Collected material =
────────
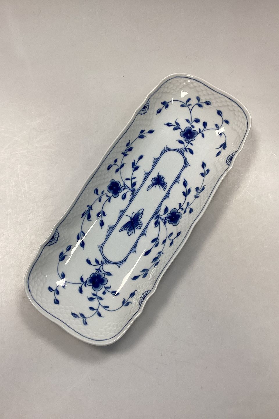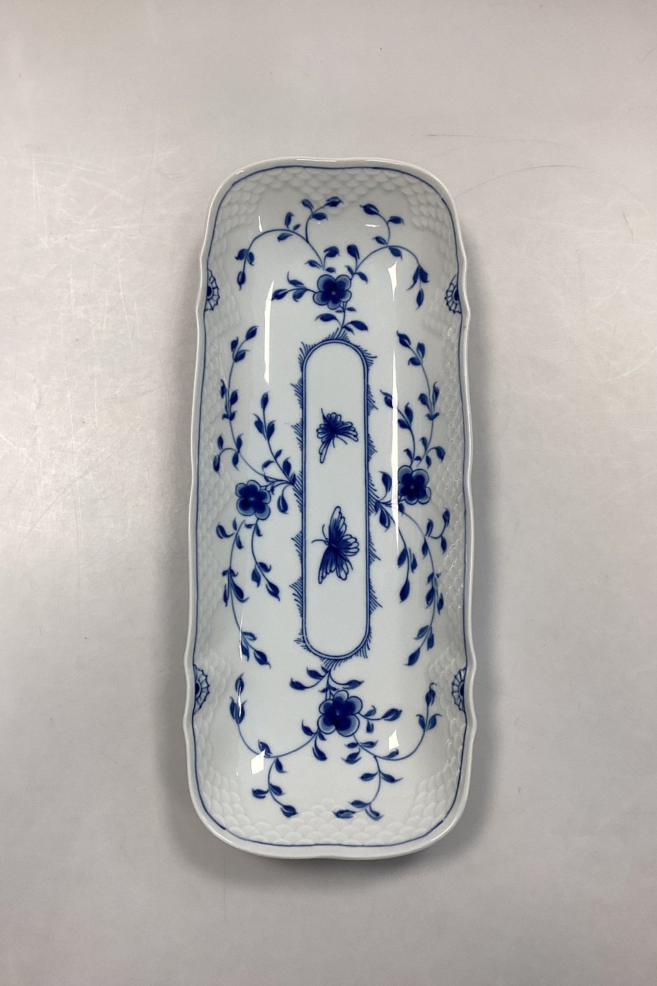 Beskrivelse: Bing og Grøndahl Sommerfugl Aflangt Sellerifad No. 378 eller 205.
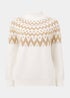 Learn moreElevate your winter wardrobe with our cream jumper, a cosy essential that combines style and comfort effortlessly. Crafted from a luxuriously soft knit, the shimmering metallic fair isle pattern adds a touch of festive charm, making it perfect for holiday gatherings. The ribbed cuffs and hem provide a snug fit and added stretch, too. Stay warm, look chic, and embrace the season in this timeless classic. Wear the look with jeans and boots. Model Height: 5ft 9.
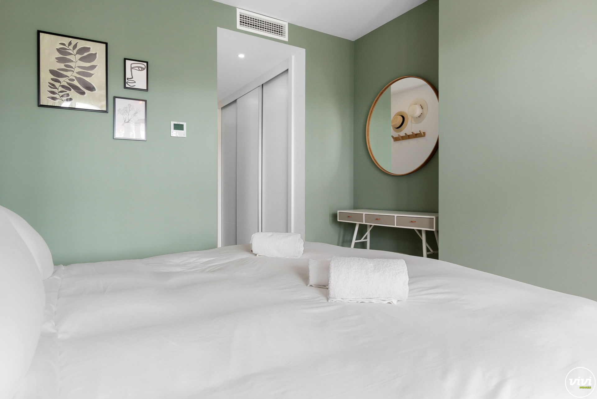 The accommodation has a fully equipped kitchen and air conditioning.
────────
What is being asked = Word for word, restate the material above; do not carry over the pictures.

Result for this task =
 Beskrivelse: Bing og Grøndahl Sommerfugl Aflangt Sellerifad No. 378 eller 205.
 Learn moreElevate your winter wardrobe with our cream jumper, a cosy essential that combines style and comfort effortlessly. Crafted from a luxuriously soft knit, the shimmering metallic fair isle pattern adds a touch of festive charm, making it perfect for holiday gatherings. The ribbed cuffs and hem provide a snug fit and added stretch, too. Stay warm, look chic, and embrace the season in this timeless classic. Wear the look with jeans and boots. Model Height: 5ft 9.
 The accommodation has a fully equipped kitchen and air conditioning.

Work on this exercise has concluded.